题目要求:
例如给出下面的输入
1.
./smp2.1 a1.txt a2.txt a3.txt a4.txt a5.txt a6.txt a7.txt
每个文件如a0.txt有着很多int型数据,未排序,对每个文件
启动一个线程对其排序
排序好的文件存储为
a1.txt.sorted … a7.txt.sorted
2.
然后再进行merge操作对于相邻的两个文件merge
每次merge启动一个新的线程,merge生成一个排好序的更大的文件。
原题提示用temp file 不留下中间过程的临时文件,打算用c++的流操作,
不知道有没有对应的temp file,close file的时候自动删除,
当前采用生成了最后再删除的方法,最后生成一个排好序的唯一文件。
初始的a0.txt a1.txt…每个文件中是没有重复数字的,但不同的文件之间可能会有
重复数字,题目要求去除重复只保留唯一的值。
原题目似乎有个错误,他提到数字的大小fit int, 而文件line的数目fit unsigened int
不过他提供的gen.c用来生成各个文件,而gen.c生成的文件line的数目是fit int的,即
小于等于RAND_MAX + 1,2^31 .random 的数字是从0 - 2^31 –1 中产生
题目提到不要重复数字,所以归并过程中产生的文件line的数目始终不超过 2^31即2G.
考虑多个线程同时工作,会撑爆内存?他提到第一步用qsort也就是用内排序,如果输入
文件很多,对应很多线程同时工作,会不会撑爆内存呢?
另外题目对归并的顺序有要求,按照输入文件的顺序,所以a1.txt肯定要和a2.txt归并
而不是按照线程完成的顺序,小文件对应的线程会先完成。
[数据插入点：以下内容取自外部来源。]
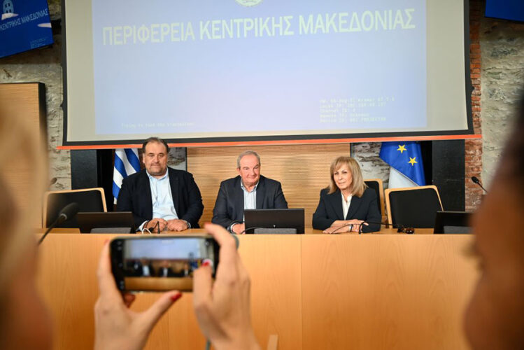 Στη συνέχεια, η Περιφερειάρχης Κεντρικής Μακεδονίας συνόδευσε τον κ. Καραμανλή στην αίθουσα συνεδριάσεων του Περιφερειακού Συμβουλίου, όπου πραγματοποιήθηκε συνάντηση με τον Πρόεδρο του Περιφερειακού Συμβουλίου, τους Αντιπεριφερειάρχες, τους Τομεάρχες και τους Περιφερειακούς Συμβούλους της «Αλληλεγγύης».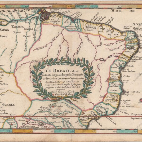 Map of Brazil divided into fourteen hereditary captaincies from 1657 onwards “Le Bresil, dont la Coste est Possedee par les Portugais, et Divisee en Quatorze Capitaineries…”, Sanson, Nicolas Map of Brazil divided into fourteen hereditary captaincies, 1657 – This is a reduced version of Sanson’s important map showing the Portuguese […]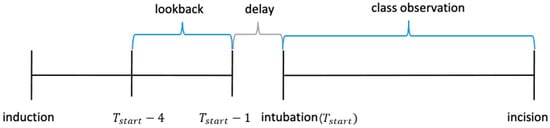 The hypotension was tracked before surgery and after intubation, regardless of its frequency. We defined a patient as someone who experienced hypotension at least once. The class was extracted as 1 if hypotension was present, and 0 if otherwise. Hypotension was defined as SBP < 90 mmHg or mean blood pressure (MBP) < 65 mmHg. The lookback period was set from the 1-min data just before tracheal intubation to the data for the preceding 3 min. Figure 2 shows how training data and their classes are set.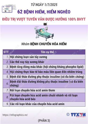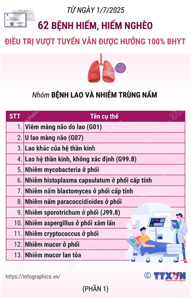 Tin cùng chuyên mục Thông tin chi tiết sắp xếp các đơn vị hành chính cấp xã của tỉnh Đồng Tháp04/07/2025 10:29Hà Nội (TTXVN 2/7) Theo Nghị quyết số 1663/NQ-UBTVQH15 ngày 16/6/2025 của Ủy ban Thường vụ Quốc hội, sau khi sắp xếp, tỉnh Đồng Tháp có 102 đơn vị hành chính cấp xã, gồm 82 xã và 20 phường. Thông tin chi tiết sắp xếp các đơn vị hành chính cấp xã của tỉnh An Giang04/07/2025 10:28Hà Nội (TTXVN 2/7) Theo Nghị quyết số 1654/NQ-UBTVQH15 ngày 16/6/2025 của Ủy ban Thường vụ Quốc hội, sau khi sắp xếp, tỉnh An Giang có 102 đơn vị hành chính cấp xã, gồm 85 xã, 14 phường và 03 đặc khu; trong đó có 79 xã, 14 phường, 03 đặc khu hình... 62 bệnh hiếm, hiểm nghèo điều trị vượt tuyến vẫn được hưởng 100% BHYT: Nhóm Dị tật bẩm sinh và di chứng04/07/2025 10:25Hà Nội (TTXVN 2/7) Theo Luật sửa đổi, bổ sung một số điều của Luật Bảo hiểm y tế (BHYT), từ 1/7/2025, người tham gia BHYT tự đi khám bệnh, chữa bệnh không đúng cơ sở đăng ký khám bệnh, chữa bệnh BHYT ban đầu, không đúng quy định về chuyển người bệnh quy định tại Điều 26 và Điều 27 của... 62 bệnh hiếm, hiểm nghèo điều trị vượt tuyến vẫn được hưởng 100% BHYT: Nhóm Bệnh lý sau phẫu thuật và khác04/07/2025 10:24Hà Nội (TTXVN 2/7) Theo Luật sửa đổi, bổ sung một số điều của Luật Bảo hiểm y tế (BHYT), từ 1/7/2025, người tham gia BHYT tự đi khám bệnh, chữa bệnh không đúng cơ sở đăng ký khám bệnh, chữa bệnh BHYT ban đầu, không đúng quy định về chuyển người bệnh quy định tại Điều 26 và Điều 27 của... 62 bệnh hiếm, hiểm nghèo điều trị vượt tuyến vẫn được hưởng 100% BHYT: Nhóm Bệnh chuyển hóa hiếm04/07/2025 10:23Hà Nội (TTXVN 2/7) Theo Luật sửa đổi, bổ sung một số điều của Luật Bảo hiểm y tế (BHYT), từ 1/7/2025, người tham gia BHYT tự đi khám bệnh, chữa bệnh không đúng cơ sở đăng ký khám bệnh, chữa bệnh BHYT ban đầu, không đúng quy định về chuyển người bệnh quy định tại Điều 26 và Điều 27 của... 62 bệnh hiếm, hiểm nghèo điều trị vượt tuyến vẫn được hưởng 100% BHYT: Nhóm Bệnh lao và nhiễm trùng nấm04/07/2025 10:22Hà Nội (TTXVN 2/7) Theo Luật sửa đổi, bổ sung một số điều của Luật Bảo hiểm y tế (BHYT), từ 1/7/2025, người tham gia BHYT tự đi khám bệnh, chữa bệnh không đúng cơ sở đăng ký khám bệnh, chữa bệnh BHYT ban đầu, không đúng quy định về chuyển người bệnh quy định tại Điều 26 và Điều 27 của...
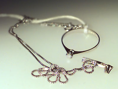 RING, HÄNGE / KEDJA, 18K vitguld med 2 diamanter ca. 0.06 ct. L= 38 cm, stl 18 1/2 mm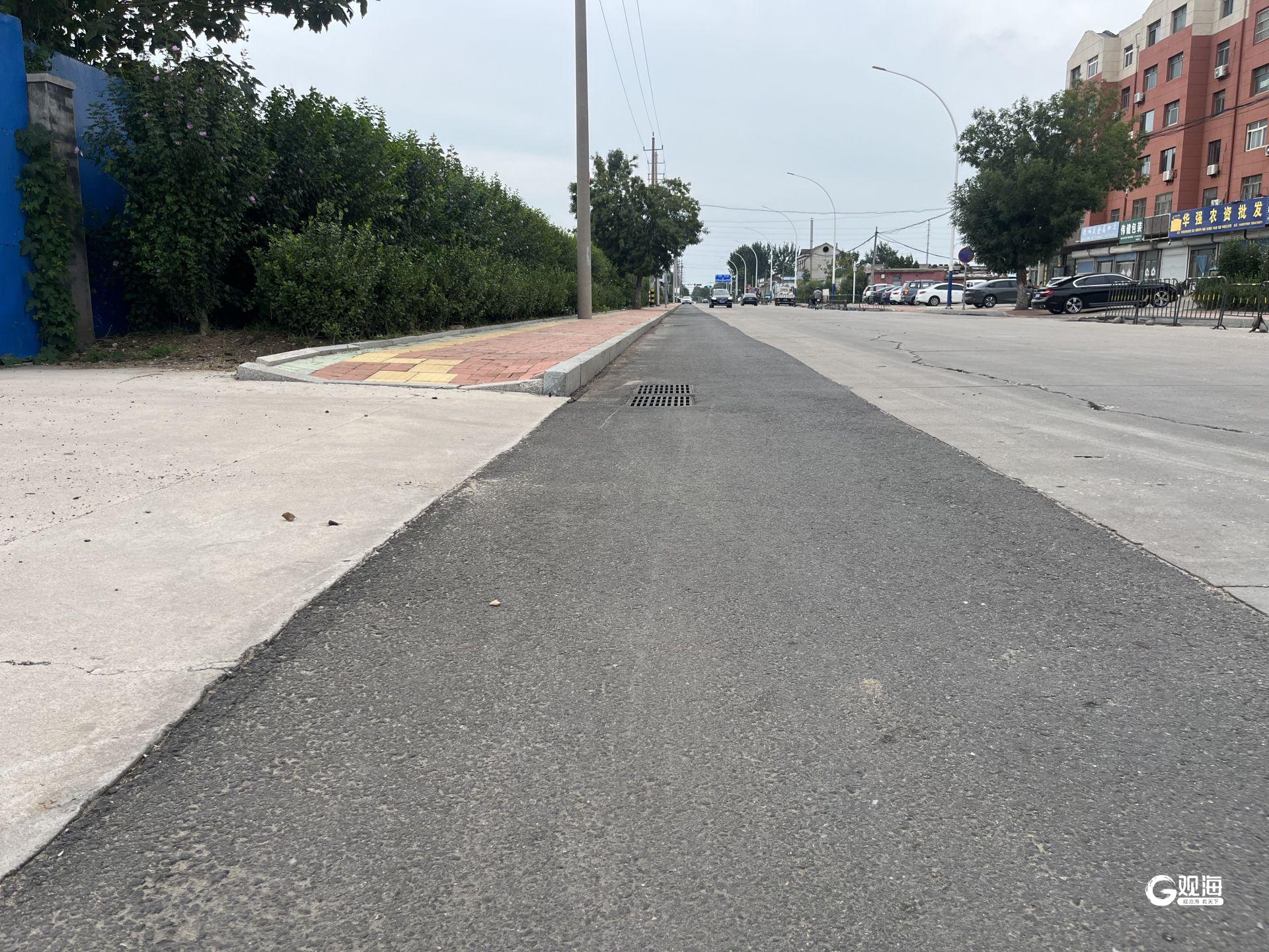 近日,記者現(xiàn)場探訪看到,威海西路(深圳北路-青島路)南側(cè)的挖開路面鋪設(shè)著瀝青,恢復(fù)如常,但北側(cè)的施工路面卻未被填平,和道路存在近6厘米的高差,施工單位放置的一排護(hù)欄有不少倒伏在地上。記者注意到,道路北側(cè)的沿街商戶地勢較高,又主營物流、汽修、再生資源回收,車輛進(jìn)出需求大,商家在進(jìn)出口處鋪設(shè)著鐵板、磚石、防滑草墊等。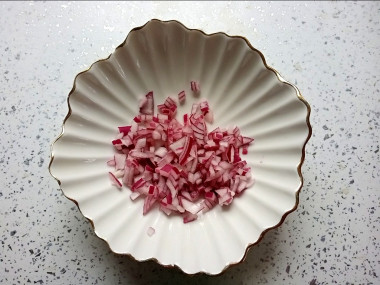Первым делом подготовьте лук. Чтобы убрать из него горечь, замаринуйте его. Для этого очистите и нарежьте луковицу на мелкие кубики. Затем залейте их столовым уксусом и оставьте постоять на 10 минут. Этого времени будет достаточно, чтобы вкус лука стал мягче. Через положенное время откиньте лук на сито и промойте под проточной водой.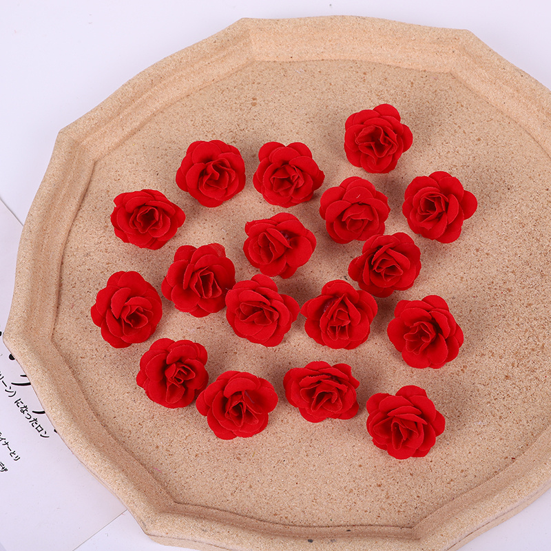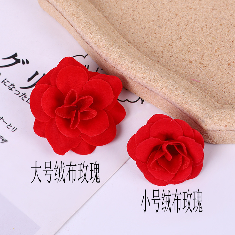 厂家直销仿真花头新款DIY花环假花人造花绢花绒布玫瑰花手工花头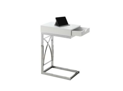 Monarch Specialties Metal C-Shaped Modern Accent Table with Storage Drawer, Glossy White/Chrome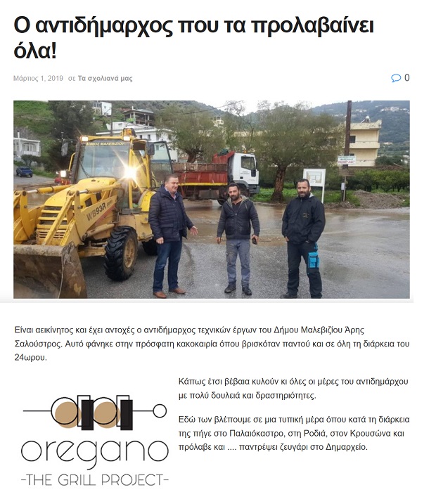 Με τον παραπάνω τρόπο διαφημίζεται συχνά εν’ όψει των δημοτικών εκλογών, ο “αεικίνητος” πανταχού παρών αντιδήμαρχος… παράλληλα με τον επίσης αεικίνητο πανταχού παρόντα δήμαρχο, που όλα τα ελέγχει και μπορεί να είναι ταυτόχρονα παντού, όπως ο μέντοράς τους Αυγενάκης…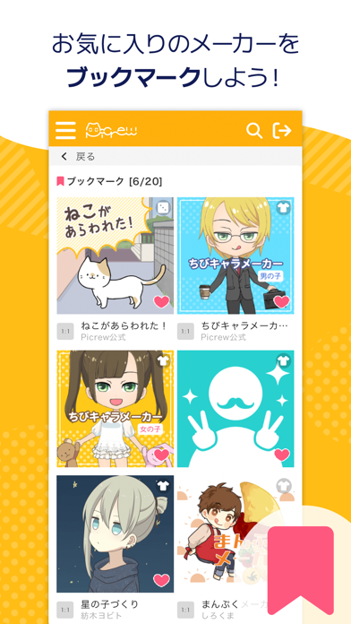 作った画像をディスカバリーに投稿してみんなに見てもらえます。どの絵柄を使っているかも表示されるので、作ったアイコンを共有しながら新しい絵柄を探すことができます。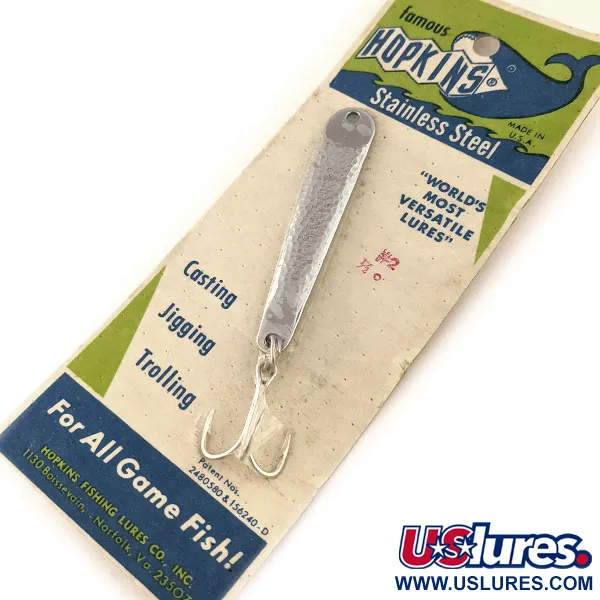 Ein markantes Hammerschlag-Nickel-Finish zeichnet diesen klassischen Hopkins No=Eql Blinker aus, dessen strukturierte Edelstahloberfläche das Licht intensiv reflektiert. Mit einer Länge von 6,5 cm (2 1/2") und einem Gewicht von 14 g (1/2 oz) ist das Modell 11401 aus massivem Edelstahl gefertigt, um ein Abplatzen oder Ablösen der Beschichtung dauerhaft zu verhindern. Dieses spezielle Exemplar ist unbenutzt und befindet sich noch auf der originalen 'famous HOPKINS' Präsentationskarte (Zustand 6). Hergestellt von der Hopkins Fishing Lures Co., Inc. in Norfolk, Virginia, ist der Köder mit einem verzinnten Drilling ausgestattet und mit den Patentnummern 2480380 und 156240-D gekennzeichnet. Die Verpackung betont die Vielseitigkeit zum Werfen, Jiggen und Schleppangeln auf alle Raubfische im Süß- und Salzwasser. Die Rückseite der Karte bietet technische Tipps zur Köderführung und empfiehlt variierende Einholgeschwindigkeiten sowie spezielle Tiefen für das Jiggen an Strukturen wie Brücken oder Pfeilern.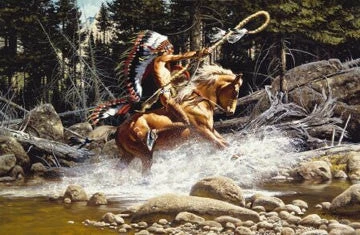 Frank McCarthy’s dynamic paintings frequently featured the people of the West with a special emphasis on the Plains Indian, mountain men and cavalry that comprised the lore and lure of the Old West.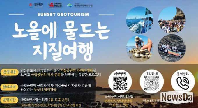 뉴스다 최광묵 기자 | 부안군은 2026년 지오관광 활성화를 위해 전북 서해안 유네스코 세계지질공원과 변산반도 생태탐방원이 협력해 ‘노을에 물드는 지질여행(Sunset Geotourism)’ 프로그램을 이달부터 모집·운영한다고 밝혔다.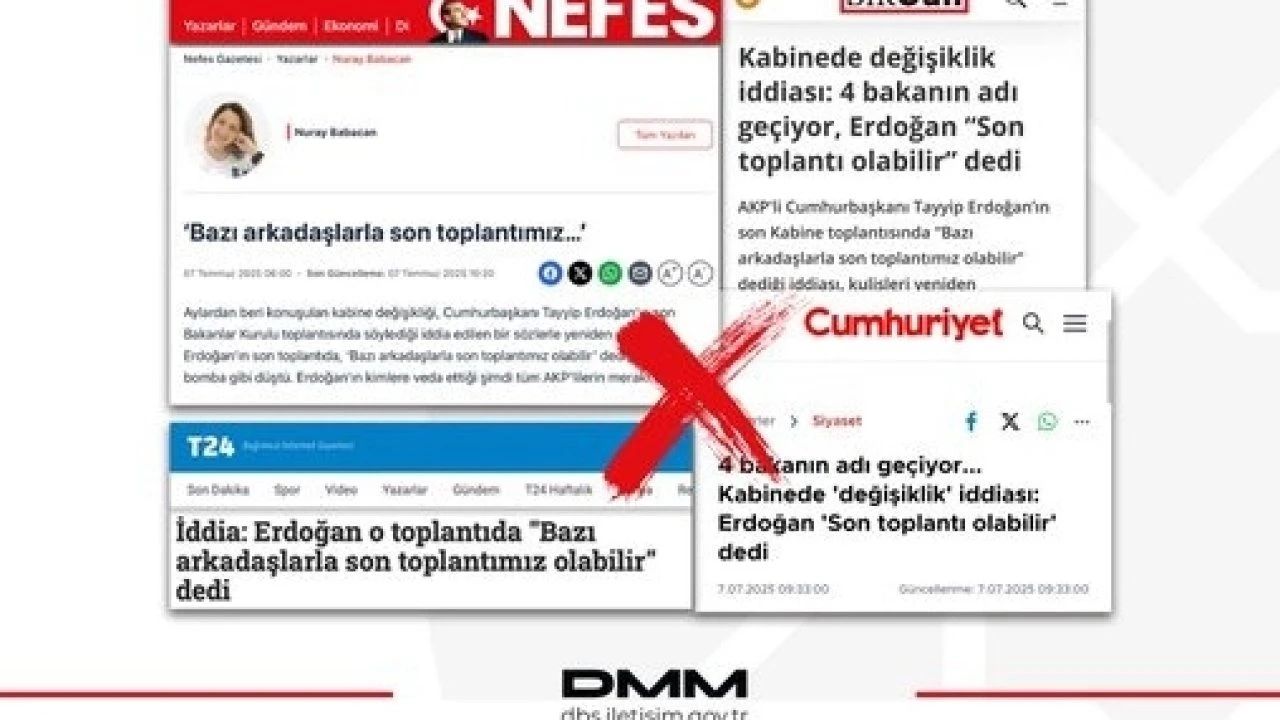 ANKARA -“Dezenformasyonla Mücadele Merkezi, bazı basın organları ve sosyal medyada yer alan, “Cumhurbaşkanı Recep Tayyip Erdoğan’ın son Kabine toplantısında ‘Bazı arkadaşlarla son toplantımız olabilir’ dediği” yönündeki iddiaların gerçeği yansıtmadığını duyurdu.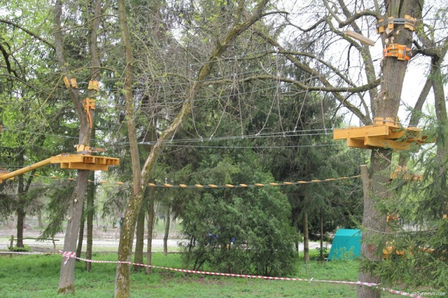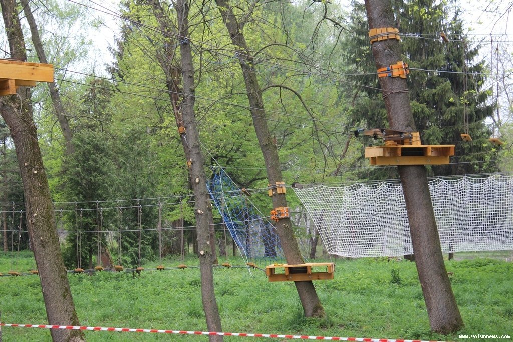 Туристично-екстремальний об’єкт розмістили поблизу «Пташиного гаю», що у центральному парку Луцька. Так, на різній висоті над землею на деревах уже встановили майданчики, між якими натягнули канатні доріжки, троси, підвісні мостики, шини та сітки.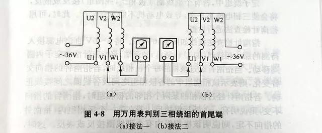 将三相繞組接成星形,從一相繞組接入36V交流電源,在另外兩相繞組的一端接入置於(yú)10V交流電壓擋的萬用表,按圖4-8(a)和(b)所示各接一次。 通電後,觀察萬用表指針的擺動情況。若兩次萬用表指針均不動,則說明圖中所示的首尾端正確(què);若兩次萬用表指針都偏轉,則說明兩次均未接電源的那一相的首尾接反 ;若隻有一次指針偏轉,另一次指針不動,則說明指針不動的那一次中接電源的那一相首尾接反。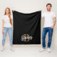 Modern Elegant Monogram Name Black Gold Script Fleece Blanket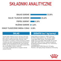 Unikalna kompozycja składników pokarmowych w postaci wysokiej jakości białka (L.I.P.*) i prebiotyków (FOS), aby wspomóc prawidłowe funkcjonowanie układu pokarmowego i równowagę flory bakteryjnej, co ma korzystny wpływ na jakość odchodów.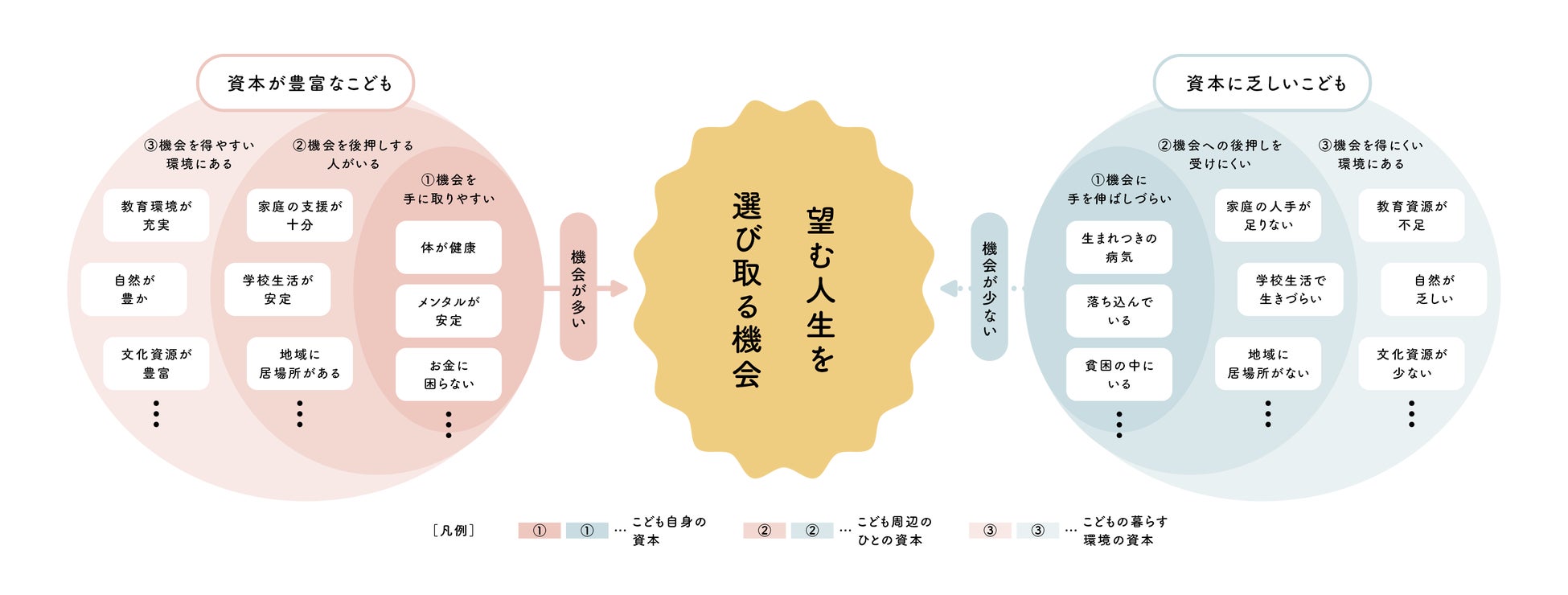 もっている資本のちがいにより、 こどもたち一人ひとりの 「望む人生を選び取る機会」に差があること

tmp1肯定和tmp2合并.
最后考虑文件的增大,归并按照外排序方法,采用两个输入缓冲和一个输出缓冲外排序。
设定3个缓冲区大小相同,输出缓冲区慢即输出到文件,某个输入缓冲满,则继续读取数据到
该缓冲进行merge,若对应输入文件无数据了(一个文件处理完了),则将剩余数据
(输出缓冲,另一输入缓冲,另一输入文件剩余数据)输出到输出文件。
merge的流程控制采用两个队列,使用当前队列,并建立另一个队列下一次使用,利用swap技术。
每次从当前队列取出两个merge,merge后生成的文件名入另一个队列。当前队列处理完,意味着
完成了一个level的merge。swap,换当前队列,继续下一level的merge直到最后只剩下一个文件
在当前队列。
出现的一个问题是,发现线程工作正常,排序也正确,但是最后输出文件名出现了错误。
后来发现是一个资源管理问题,单线程状态下肯定没有问题,但是多线程就出问题了。
while(queue_files[now].size() != 1) {
int l = 0;
while(queue_files[now].size() >= 2) {
file_name1 = queue_files[now].front();
queue_files[now].pop();
file_name2 = queue_files[now].front();
queue_files[now].pop();
string s;
Int2String(s, merge_times);
queue_files[other].push(string("temp")+s);
args_thread.file_name1 = file_name1.c_str();
args_thread.file_name2 = file_name2.c_str();
args_thread.merge_times = merge_times++;
pthread_create(&tid[l++], NULL, MergeNumOf2Files, (void *)&args_thread);
}
if (!queue_files[now].empty()) {
file_name = queue_files[now].front();
queue_files[now].pop();
queue_files[other].push(file_name);
}
for (int i = 0; i < l; i++)
pthread_join(tid[i], NULL);
swap(now, other);
}
注意file_name1 和file_name2,他们实际存储字符串,并传递指针给线程,问题是一个线程正在执行的时
候,while循环继续了,前面的file_name1存储的空间实际被释放了(我觉得是这样的)!可能会被别的数据占
用,而前面那个线程的字符串数组指针还指向这个地址,于是出现了问题。
例如打印a3.txt.sortex或者更加莫名其妙的名字。
原题目要求如下:
//one example
[Part 1] User enters the following file names at the command line:
./mp2.1 a1.txt a2.txt a3.txt a4.txt a5.txt a6.txt a7.txt
[Part 2] Sort the numbers contained in each of the files to form
the following new files, without altering the original files:
"a1.txt.sorted" is a sorted copy of "a1.txt"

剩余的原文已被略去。